PROTEUS mission is to investigate and develop ready-to-use scalable online machine learning algorithms and real-time interactive visual analytics to deal with extremely large data sets and data streams.


The foundation for the PROTEUS advances is the use of an optimized implementation of combined batch and streaming processing and building around this later scalable real time processes. The developed algorithms and techniques will form a library to be integrated into an enhanced version of Apache Flink, the EU Big Data platform. PROTEUS will contribute to the Big Data area by addressing fundamental challenges related to the scalability and responsiveness of analytics capabilities.

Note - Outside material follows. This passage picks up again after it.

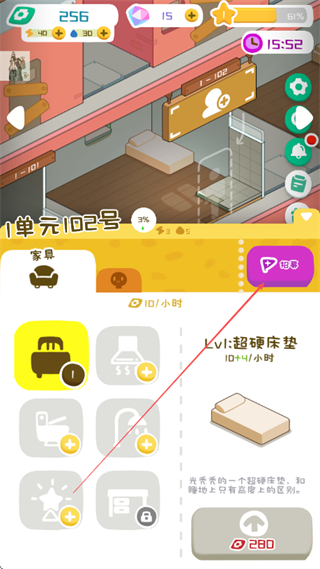 2、在房間界面,選擇家具如超萌床墊進行布置,提升房間等級。

The requirements are defined by a steelmaking industrial use case. The techniques developed in PROTEUS are however, general, flexible and portable to all data stream-based domains.


In particular, the project will go beyond the current state-of-art technology by making the following specific original contributions:
  • New strategies for real-time hybrid computation, batch data and data streams.
  • Real-time scalable machine learning for massive, high-velocity and complex data streams analytics.
  • Real-time interactive visual analytics for Big Data.
  • Implementation the new advances on top of Apache Flink.
  • Real-world industrial validation of the technology developed.

The PROTEUS impact is manifold:

  • strategic, by reducing the gap and dependency from the US technology, empowering the EU Big Data industry through the enrichment of the EU platform Apache Flink;
  • economic, by fostering the development of new skills and new job positions and opportunities towards economic growth;
  • industrial, by considering real-world requirements from industry and by validating the outcome on an operational setting, and
  •  scientific, by developing original hybrid and streaming analytic architectures that enable scalable online machine learning strategies and advanced interactive visualisation techniques that are applicable for general data streams in other domains.